Il doit effectuer les travaux et réparations à sa charge pour le bon entretien du logement.
Il doit accepter les aménagements réalisés par les colocataires tant qu’il ne s’agit pas d’une transformation du logement.
Il doit assurer la jouissance paisible du logement aux colocataires.
Il doit remettre gratuitement les quittances de loyers faisant apparaître le montant du loyer et des charges aux colocataires qui le demandent.
Il doit respecter des règles strictes s’il souhaite résilier le bail : préavis, motif valable, modalités d’information des colocataires.
Droits et devoirs des colocataires en colocation
Lorsque la colocation fait l’objet d’un bail collectif, les colocataires bénéficient tous des mêmes droits et sont soumis aux mêmes obligations. Ils ont le droit de vivre et circuler librement dans le logement. Ils ont le droit de toucher des aides au logement.
Les colocataires doivent :
- s’acquitter du loyer et des charges.
- effectuer et prendre en charge les réparations locatives qui leur incombent.
- utiliser paisiblement le logement.
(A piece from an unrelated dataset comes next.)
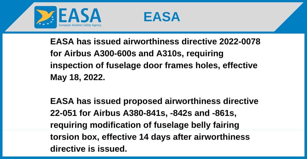 EASA has issued airworthiness directive 2022-0078 for Airbus A300-600s and A310s, requiring inspection of fuselage door frames holes, effective May 18, 2022.

Ils ont le droit d’aménager le logement mais ne doivent pas le transformer sans l’accord écrit du bailleur.
- souscrire l’assurance obligatoire des risques locatifs.
- respecter le règlement de copropriété annexé au bail si le logement se trouve dans une copropriété.
- respecter le règlement intérieur de la colocation (ou pacte ou charte de la colocation).
- s’acquitter des impôts liés au logement loué en colocation.
Un colocataire n’a pas le droit de sous-louer sa chambre sans l’accord écrit du bailleur.
Le colocataire qui souhaite quitter la colocation doit respecter les règles en la matière.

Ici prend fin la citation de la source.